| WHAT NEEDS TO BE DONE |
Further down are entries; set down exactly and only the lines from the one with "Dirty 3rdy Birthday" up to and including the one with "Stamps: Case back: PIAGET", dropping each picture.

| DATA FOR THE TASK |

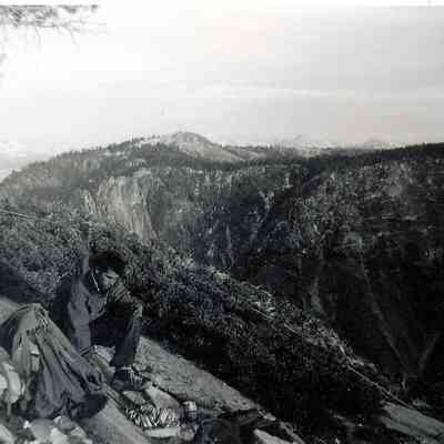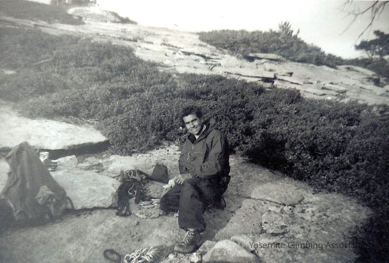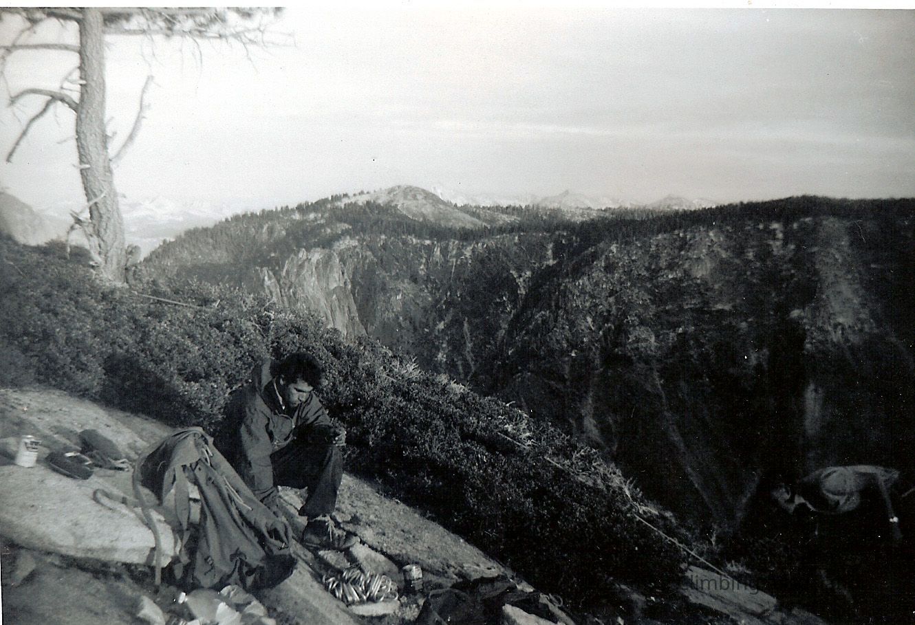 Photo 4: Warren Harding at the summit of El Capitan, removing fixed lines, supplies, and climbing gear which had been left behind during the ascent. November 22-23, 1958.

--

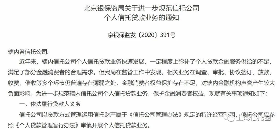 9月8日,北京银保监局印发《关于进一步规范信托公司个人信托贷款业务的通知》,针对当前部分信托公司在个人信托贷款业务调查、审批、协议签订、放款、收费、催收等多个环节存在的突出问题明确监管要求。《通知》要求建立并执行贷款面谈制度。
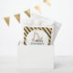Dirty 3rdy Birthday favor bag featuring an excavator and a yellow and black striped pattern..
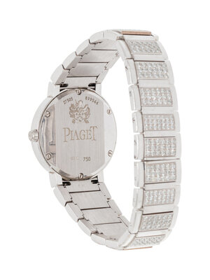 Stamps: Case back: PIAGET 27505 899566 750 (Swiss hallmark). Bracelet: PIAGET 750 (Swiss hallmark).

...

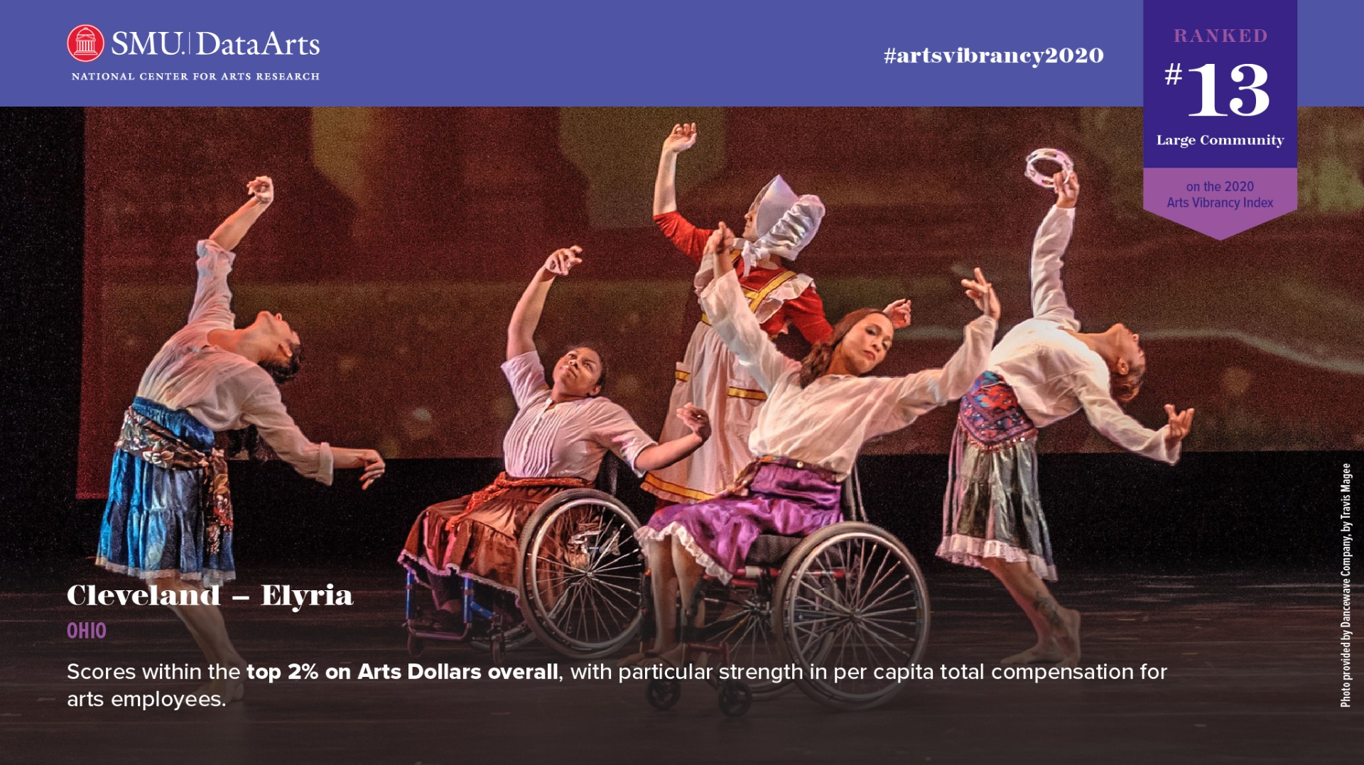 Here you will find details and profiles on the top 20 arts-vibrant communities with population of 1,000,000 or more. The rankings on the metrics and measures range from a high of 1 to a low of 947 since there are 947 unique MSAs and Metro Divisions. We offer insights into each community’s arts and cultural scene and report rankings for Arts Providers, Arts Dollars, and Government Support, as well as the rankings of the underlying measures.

| WORKED SOLUTION |
Dirty 3rdy Birthday favor bag featuring an excavator and a yellow and black striped pattern..
 Stamps: Case back: PIAGET 27505 899566 750 (Swiss hallmark). Bracelet: PIAGET 750 (Swiss hallmark).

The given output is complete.